The big players see big potential

As interest in African tech stocks builds, so too does the flow of direct investment from Big Tech. Google this year confirmed $1 billion in fresh investment to fund Equiano, a subsea cable from Portugal to South Africa to boost internet speeds and increase reliability, and reduce latency (in 2020 the company wound down its project to connect Africans to the internet using a series of stratospheric balloons, citing affordability issues).

Facebook, meanwhile, has also invested $1 billion in a second cable, named 2Africa and set to be the world’s largest, designed to ‘increase internet penetration on the continent while making it easier for the company to distribute its services’. The transformation will add a forecasted $57 billion to African economies by 2024.

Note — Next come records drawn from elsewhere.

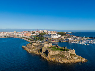Aerial view of A Coruna and Castle of San Anton in Galicia
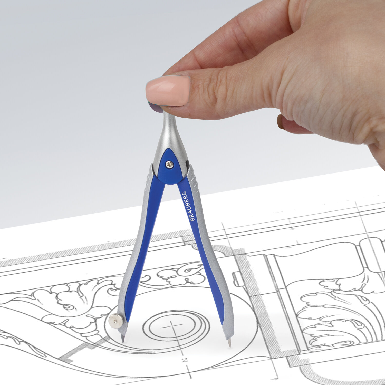 Изготовлена из металла. Основной цвет корпуса - серебристый. Упаковка - пластиковый пенал с европодвесом, который гарантирует безопасность от механических повреждений школьных рюкзаков и сумок. Максимальный диаметр окружности 150 мм.
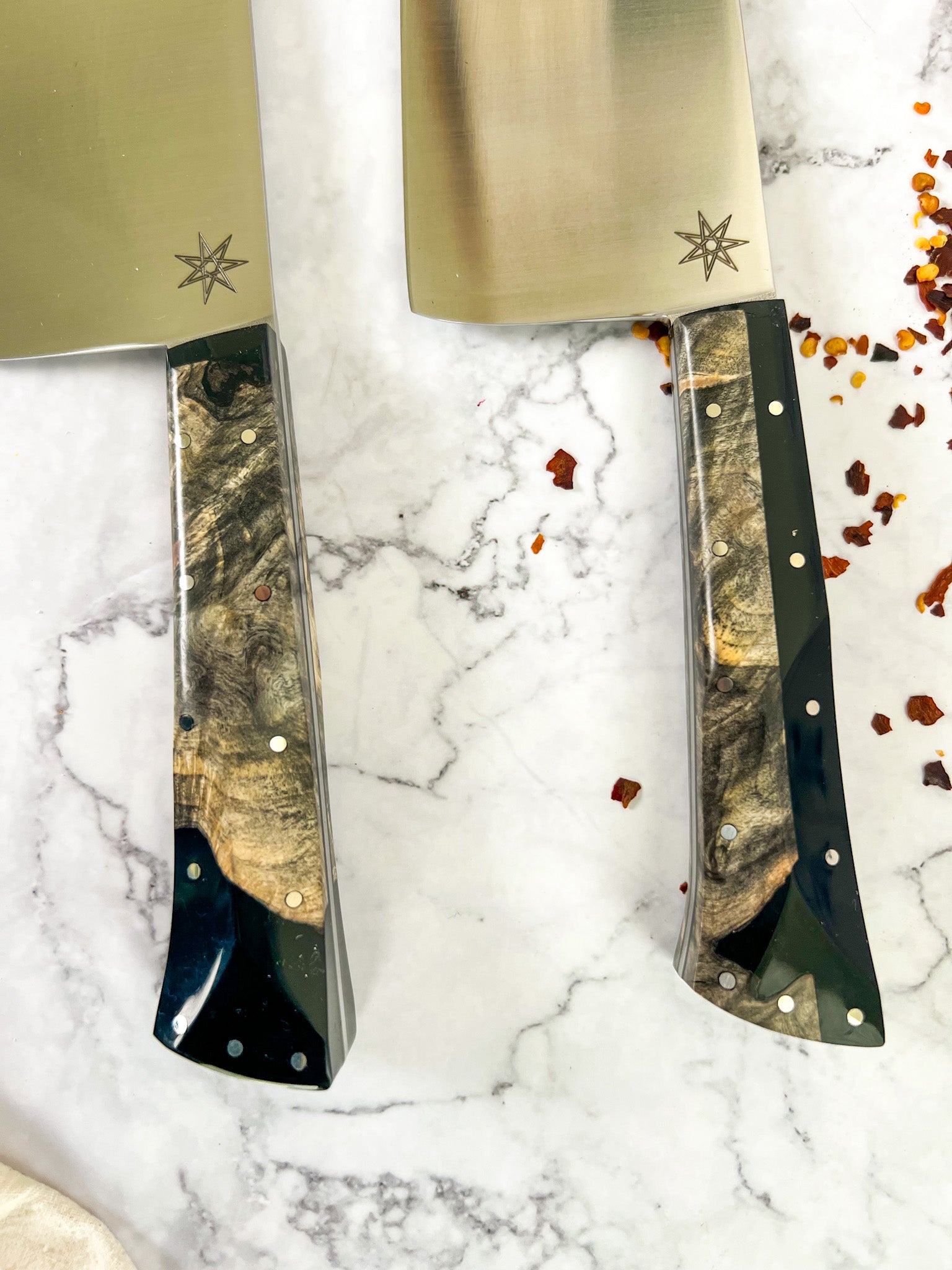 Inspired by the high desert Nevada night skies. Made with Nitro-V stainless steel, which is known for its high corrosion resistance and long-lasting edge retention. The handles showcase live-edge Buckeye Burl set in black midnight resin, blue metallic flakes, and nickel silver frame pinning.
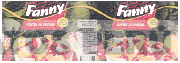 La etiqueta rectangular conteniendo la denominación FANNY escrita en letras blancas en fondo rojo bermellón, una línea ondulante de extremo a extremo en color amarillo y dos recipientes conteniendo figuras alusivas al producto (frutas) en la combinación de colores rojo, verde oscuro, anaranjado, blanco; conforme al modelo adjunto
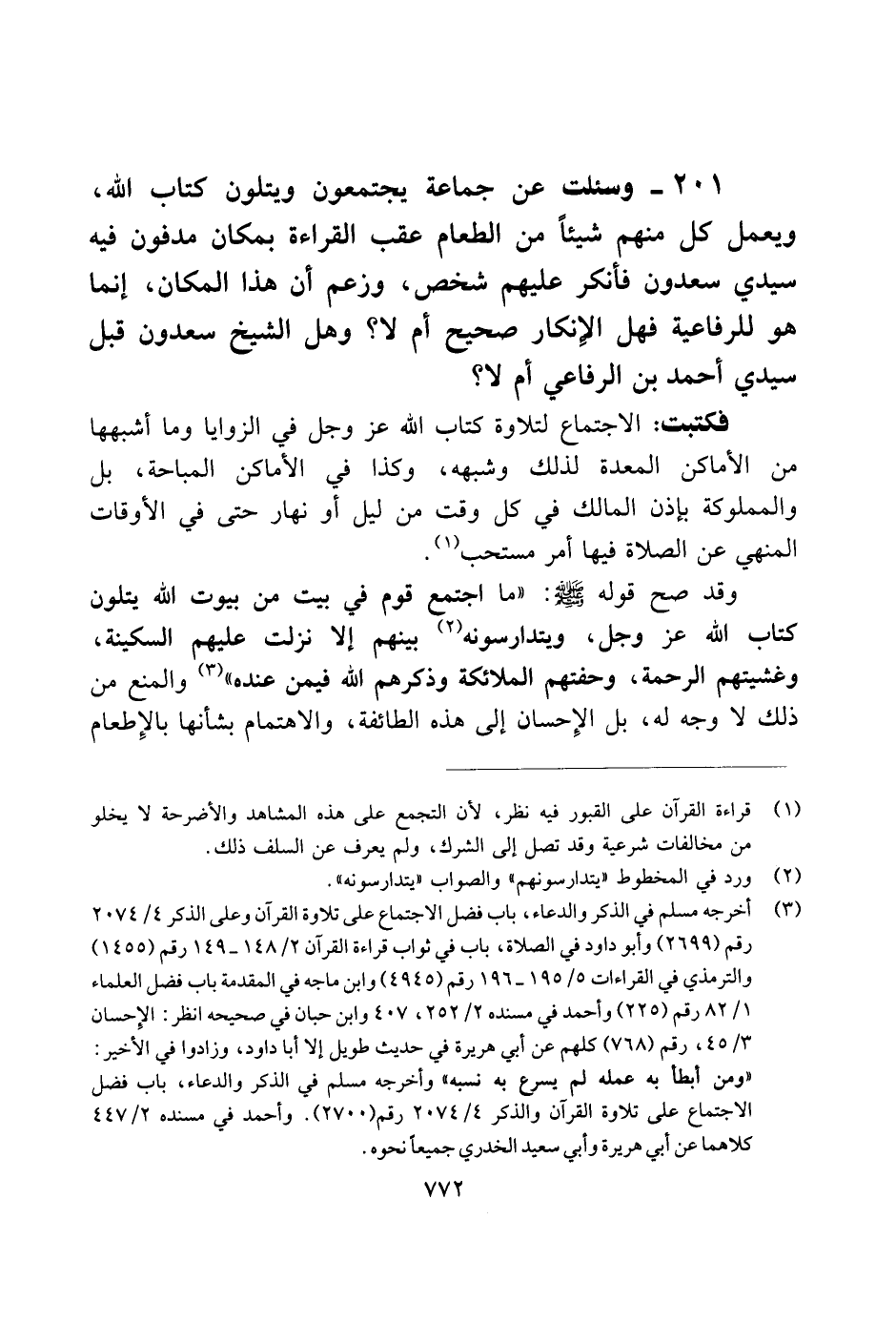 201 - وسئلت عن جماعة يجتمعون ويتلون كتاب الله، ويعمل كل منهم شيئًا من الطعام عقب القراءة بمكان مدفون فيه سيدي سعدون فأنكر عليهم شخص، وزعم أن هذا المكان، إنما هو للرفاعية فهل الإنكار صحيح أم لا؟ وهل الشيخ سعدون قبل سيدي أحمد بن الرفاعي أم لا؟
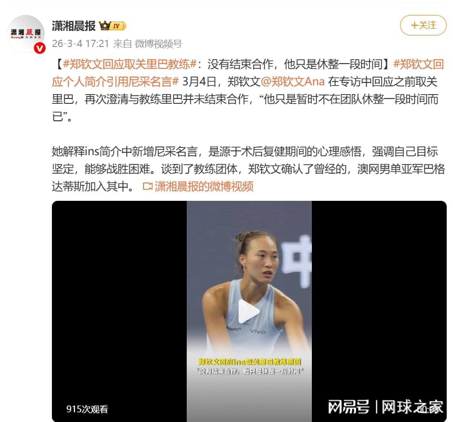 同时郑钦文也强调,和巴格达蒂斯只是临时合作,教练仍是佩雷里巴,“他只是暂时不在团队休整一段时间而已。”
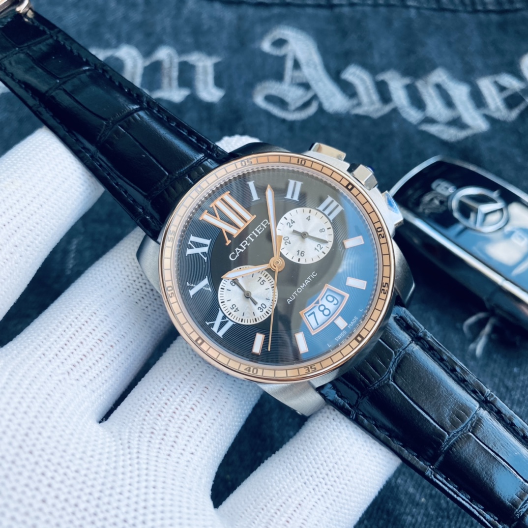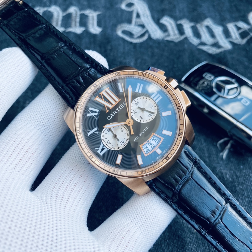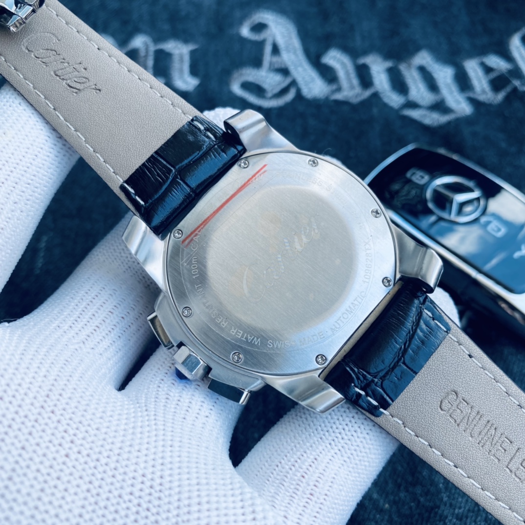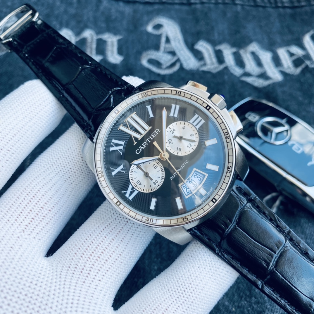 , 品牌: 卡地亚 Cartier 卡利博 系列: CALIBRE DE CARTIER潜水系列 表壳: 316精钢表壳精工制作 大气凌然 机芯: 顶级进口石英vk计时机芯走时精准 镜面: 顶级矿物质水晶防磨花玻璃 尺寸: 厚度12mm,直径42mm 字面: 超强表盘夜光丁 日历同步正品一致黑色底白字体显示 设计: 时尚与运动结合的潜水表硬朗而霸气,佩戴能突出男士魅力,彰显气质。
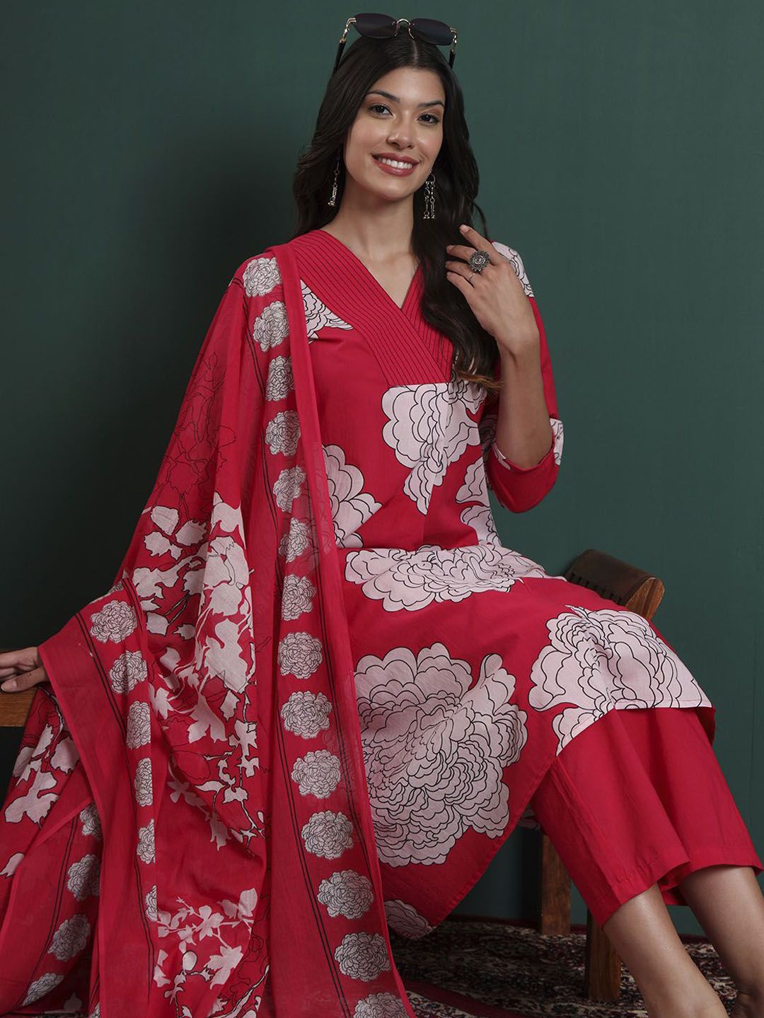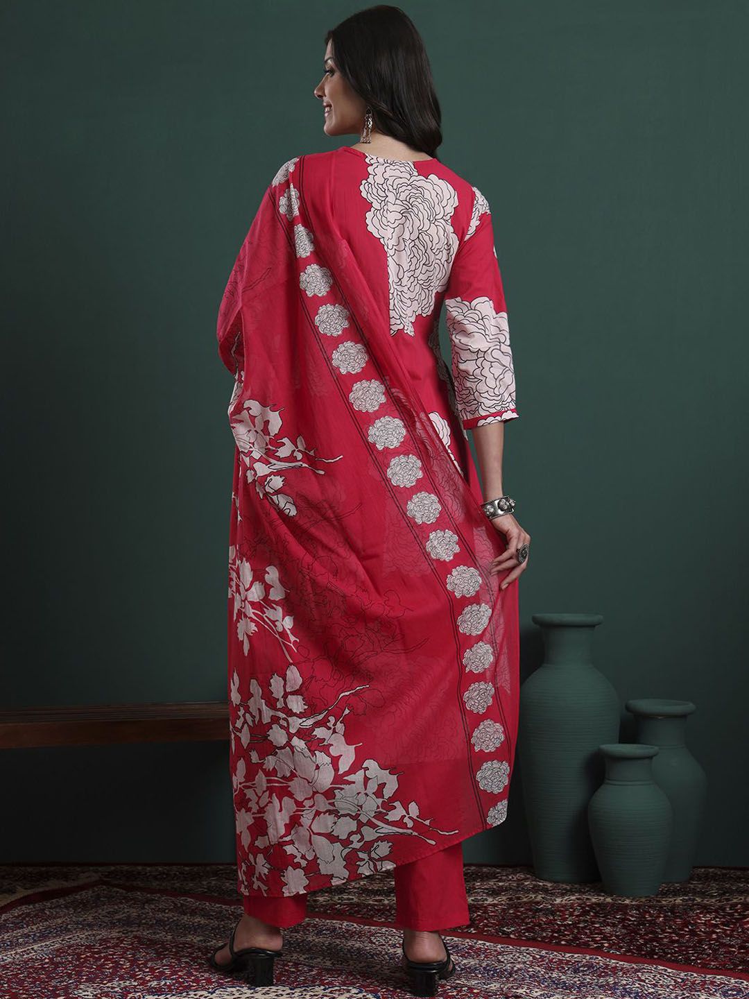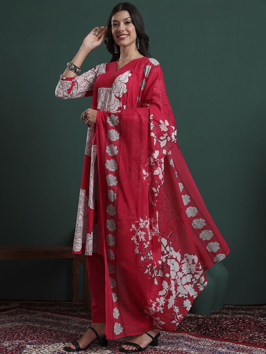 Yufta Women Floral Printed Pure Cotton Kurta with Trousers & Dupatta
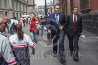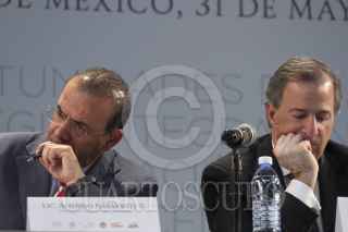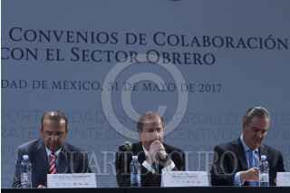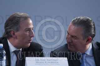 CIUDAD DE MÉXICO, 31MAYO2017.- José Antonio Meade Kuribreña, secretario de Hacienda y Crédito Público (SHCP), y Gerardo Gutiérrez Candiani, titular de la Autoridad Federal para el Desarrollo de las Zonas Económicas Especiales, durante la “Firma de Convenio de Colaboración entre la Autoridad Federal para el Desarrollo de las Zonas Económicas Especiales y el Sector Obrero”, que se realizó en el Antiguo Palacio del Arzobispado. FOTO: MOISÉS PABLO /CUARTOSCURO.COM

And the $70M IBM Digital - Nation Africa program provides a cloud-based learning platform designed to provide free skills development programs for up to 25 million African youths over five years, enabling digital competence and nurturing innovation.

Entrepreneurs are building for a bright future

For Abbey Wemimo, Esusu Savings was just the beginning. He’s already launched Esusu Rentals, a new fintech helping renters in the US to build their credit scores by reporting their payments history. The new startup raised $10M in a funding round earlier this year with high-profile backers including tennis star Serena Williams.

“For the first time, this isn’t just a service to nickel and dime people [take many small amounts of money from them],” he says. “It’s a service that can help them be more financially prosperous. And because of that, we’ve seen exemplary growth.”